I am processing unicode strings in C with libunistring. Can't use another library. My goal is to read a single character from the unicode string at its index position, print it, and compare it to a fixed value. This should be really simple, but well ...
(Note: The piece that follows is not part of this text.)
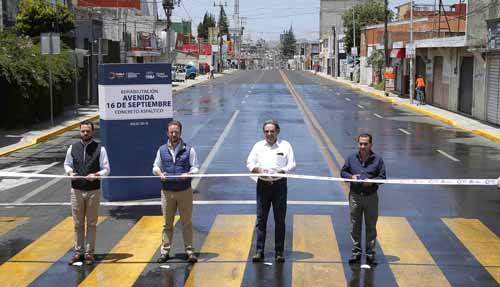 En ambas vialidades se retiró el pavimento para dar paso a la colocación de concreto asfáltico, se realizó desazolve, así como la limpieza de brocales y rejillas. Cabe destacar que también se construyeron guarniciones y banquetas, rampas para personas con alguna discapacidad y señalética, en beneficio de más de 143 mil habitantes de la zona. Inicia mejoramiento de avenida nacional en Amozoc En tanto, en el municipio de Amozoc, el gobierno estatal puso en marcha el mejoramiento con concreto asfáltico de la Avenida Nacional con una inversión de 33.7 millones de pesos, que tendrá alrededor de cien mil beneficiarios. Esta vía ubicada en la junta auxiliar de San Salvador Chachapa permitirá que los pobladores, comerciantes y campesinos se trasladen con facilidad, rapidez y seguridad, generando un importante impacto social y económico entre Amozoc y la capital. El encargado de despacho de la Secretaría de Infraestructura, Movilidad y Transportes, Sergio Barrera Alejandre, explicó que esta obra tiene una longitud de 3.4 kilómetros y 7 metros de ancho, constará de una capa asfáltica de 30 centímetros de espesor, la construcción de banquetas y guarniciones con concreto hidráulico. Estuvieron presentes el Secretario de Infraestructura y Servicios Públicos del Ayuntamiento de Puebla, David Aysa de Salazar; el alcalde de Amozoc, José Cruz Sánchez; entre otros.
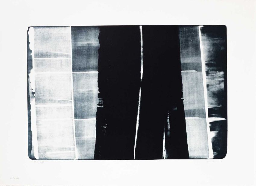 Hans Hartung (1904 Leipzig - Antibes 1989) L_9_1974. 1974. Lithografie auf BFK Rives Velin. Am unteren Blattrand mit Bleistift signiert, betitelt, datiert und nummeriert: Hartung, L_9_1974, 1974, E.A. II/XV. Blattmaß: 75 x 105 cm. Provenienz:Privatsammlung, Berlin. Vorbesichtigung: Lise-Meitner-Straße 7-9, 10589 Berlin.

Here's my try (complete C program):
/* This file must be UTF-8 encoded in order to work */
#include <locale.h>
#include <stdlib.h>
#include <stdio.h>
#include <string.h>
#include <unitypes.h>
#include <uniconv.h>
#include <unistdio.h>
#include <unistr.h>
#include <uniwidth.h>
int cmpchr(const char *label, const uint32_t charExpected, const uint32_t charActual) {
int result = u32_cmp(&charExpected, &charActual, 1);
if (result == 0) {
printf("%s is recognized as '%lc', good!\n", label, charExpected);
} else {
printf("%s is NOT recognized as '%lc'.\n", label, charExpected);
}
return result;
}
int main() {
setlocale(LC_ALL, ""); /* switch from default "C" encoding to system encoding */
const char *enc = locale_charset();
printf("Current locale charset: %s (should be UTF-8)\n\n", enc);
const char *buf = "foo 楽あり bébé";
const uint32_t *mbcs = u32_strconv_from_locale(buf);
printf("%s\n", u32_strconv_to_locale(mbcs));
uint32_t c0 = mbcs[0];
uint32_t c5 = mbcs[5];
uint32_t cLast = mbcs[u32_strlen(mbcs) - 1];
printf(" - char 0: %lc\n", c0);
printf(" - char 5: %lc\n", c5);
printf(" - last : %lc\n", cLast);
/* When this file is UTF-8-encoded, I'm passing a UTF-8 character
* as a uint32_t, which should be wrong! */
cmpchr("Char 0", 'f', c0);
cmpchr("Char 5", 'あ', c5);
cmpchr("Last char", 'é', cLast);
return 0;
}
In order to run this program:
Save the program to a UTF-8 encoded file called ustridx.c
sudo apt-get install libunistring-dev
gcc -o ustridx.o -W -Wall -O -c ustridx.c ; gcc -o ustridx -lunistring ustridx.o
Make sure the terminal is set to a UTF-8 locale (locale)
Run it with ./ustridx
Output:
Current locale charset: UTF-8 (should be UTF-8)
foo 楽あり bébé
- char 0: f
- char 5: あ
- last : é
Char 0 is recognized as 'f', good!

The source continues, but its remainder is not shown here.